The flow is structural. The Planning Agent produces the Recommendation. The Technical Review Team reviews it, edits it, validates the role assignments against current capacity, sanity checks the throughput and cost bands, and produces the Approved Baseline. The customer reviews the Approved Baseline (not the Recommendation), signs off, and the engagement enters Execution against that signed plan.
This is the same pattern the Intake Agent and QA Agent use: the model proposes, the human disposes, only the human’s disposition binds the engagement. The pattern exists because we will not let an AI estimate be the basis of a customer commitment. AI estimates inform the commitment; the commitment is made by people who can stand behind it.
Customer overrides
The Console exposes the Recommendation to the customer in read mode and the Approved Baseline in editable mode (with revision tracking). Customers can request revisions on specific blocks, override AI versus human assignments per block (e.g., “I want a senior engineer on this block, not an AI agent”), and tune throughput preferences (faster delivery at higher cost, or slower delivery at lower cost). All overrides flow back through the human review loop before they enter the Approved Baseline.
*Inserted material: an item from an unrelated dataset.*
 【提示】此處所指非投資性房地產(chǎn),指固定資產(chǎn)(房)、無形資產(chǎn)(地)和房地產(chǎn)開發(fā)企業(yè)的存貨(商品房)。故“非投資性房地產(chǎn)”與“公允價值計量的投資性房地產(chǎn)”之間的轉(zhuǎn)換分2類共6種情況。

This matters because the platform should not impose its routing preferences on customers who have a strong opinion. Most customers are happy to defer to the Approved Baseline as proposed; some prefer specific control points; both are first class flows.
Limits
Three structural limits.
Brief quality dependency. The Planning Agent’s output is bounded by the brief’s quality. A vague brief produces a Recommendation with wide bands and many flagged risks; a sharp brief produces a tighter Recommendation. The Intake Agent surfaces the brief quality issues; the Planning Agent reflects them.
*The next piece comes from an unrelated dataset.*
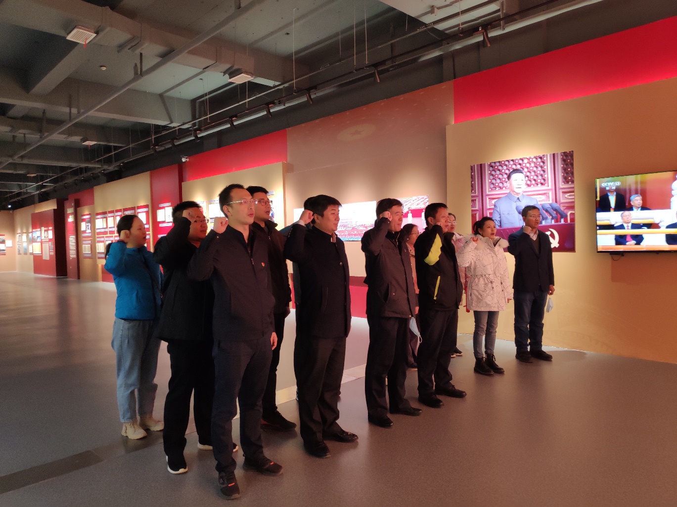参观结束后,全体党员面向鲜艳的党旗重温了入党誓词。

External constraints. The agent does not know about external customer constraints unless they are in the brief or in the customer memory. Calendar constraints (a regulatory deadline, a partner launch, a hiring freeze) come into the plan only through the human review step.
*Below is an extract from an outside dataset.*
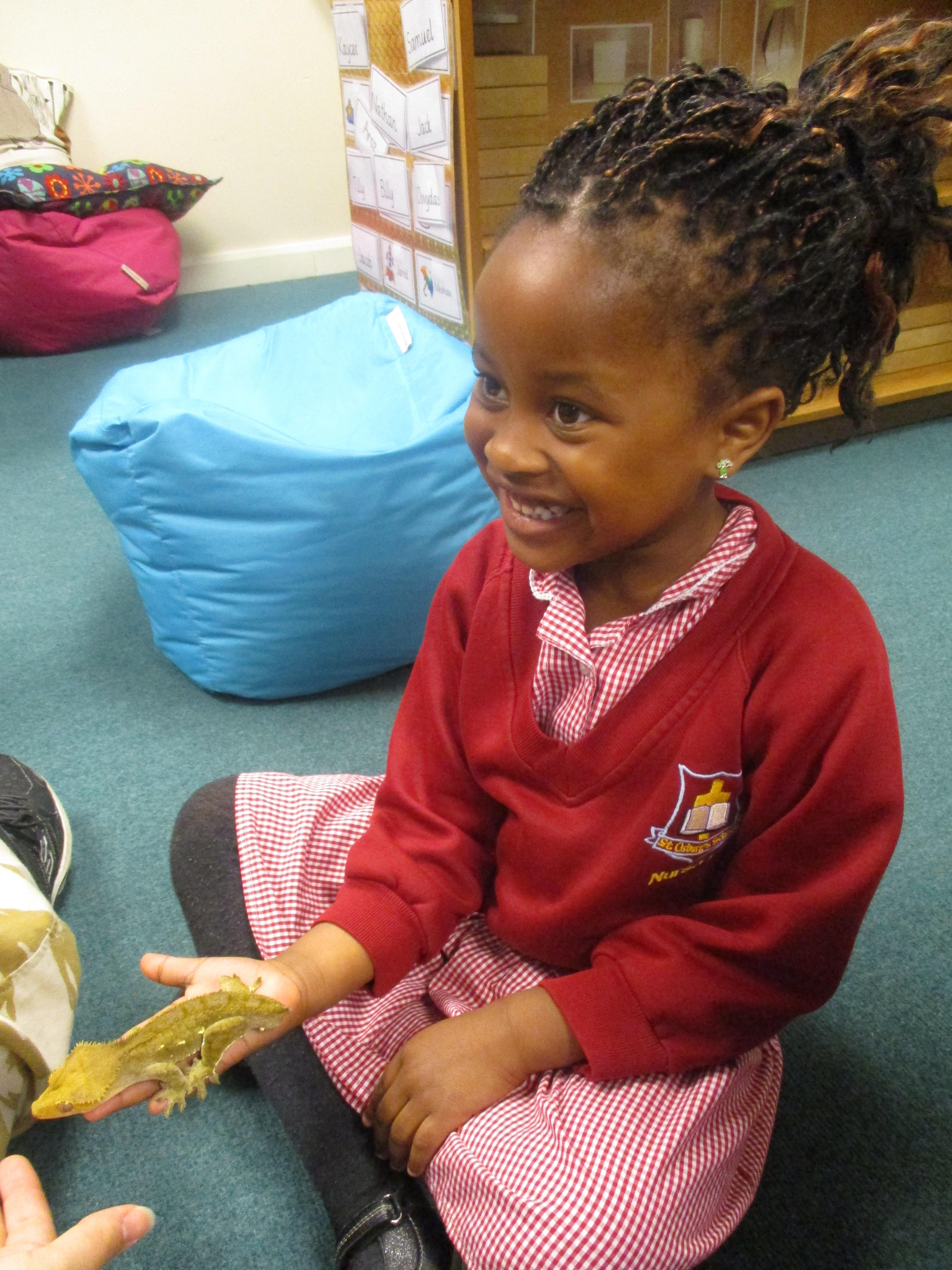 We had an amazing visit from KPN Reptiles and they brought lots of different animals into nursery for us to hold. We had a chance to hold Geoffrey the Bearded Dragon, Olive the Boa-Constrictor, Dredd and Sticky the Gecko's and Shelly the giant land snail.

Novel domains. Engagements in domains where Orzed has limited delivery memory produce Recommendations with wider uncertainty bands. The Technical Review Team typically spends more time on these and the Approved Baseline diverges more from the Recommendation.
Specifications
| Attribute | Value |
|---|---|
| Underlying model | Orzed Horizon, Planning fine tune |
| Training data | Delivery memory (~1,400 engagements with brief, plan and realised delivery), plus reviewer alignment loop |
| Median latency | 30 to 90 seconds (typical engagement) |
| Output | Structured Planning Recommendation (decomposition, dependency graph, role assignment, throughput band, cost band) |
| Console surface | Planning Recommendation drawer, Approved Baseline editor |
| Binding status | Exploratory; binding decisions sit with the Technical Review Team in the Approved Baseline |
The QA Agent write up covers the next major agent in the lifecycle: the agent that runs the first pass on every Execution lane deliverable produced under the Approved Baseline.
Questions teams ask
Why is the Recommendation exploratory and not binding?
Because no model, however capable, should be the binding source of an engagement plan. The Recommendation is the agent's best read of how the work decomposes; the Approved Baseline is the version that human senior reviewers have validated against the customer's actual constraints. Binding decisions on cost, scope and timeline sit with people who can be accountable for them.
How accurate are the Planning Agent's estimates?
Throughput and cost estimates land in the right band on roughly 70 to 80 percent of engagements measured against realised delivery. The misses cluster around engagements where scope materially shifted mid flight (which no plan predicts) and engagements where the brief's assumptions were substantively wrong (which the Intake Agent now catches earlier).
Can I change parts of the Recommendation?
Yes. The Console lets you request revisions on specific blocks, override AI versus human assignments per block, and tune throughput preferences. Revisions go back through the agent and the human review loop; the Approved Baseline reflects the final state.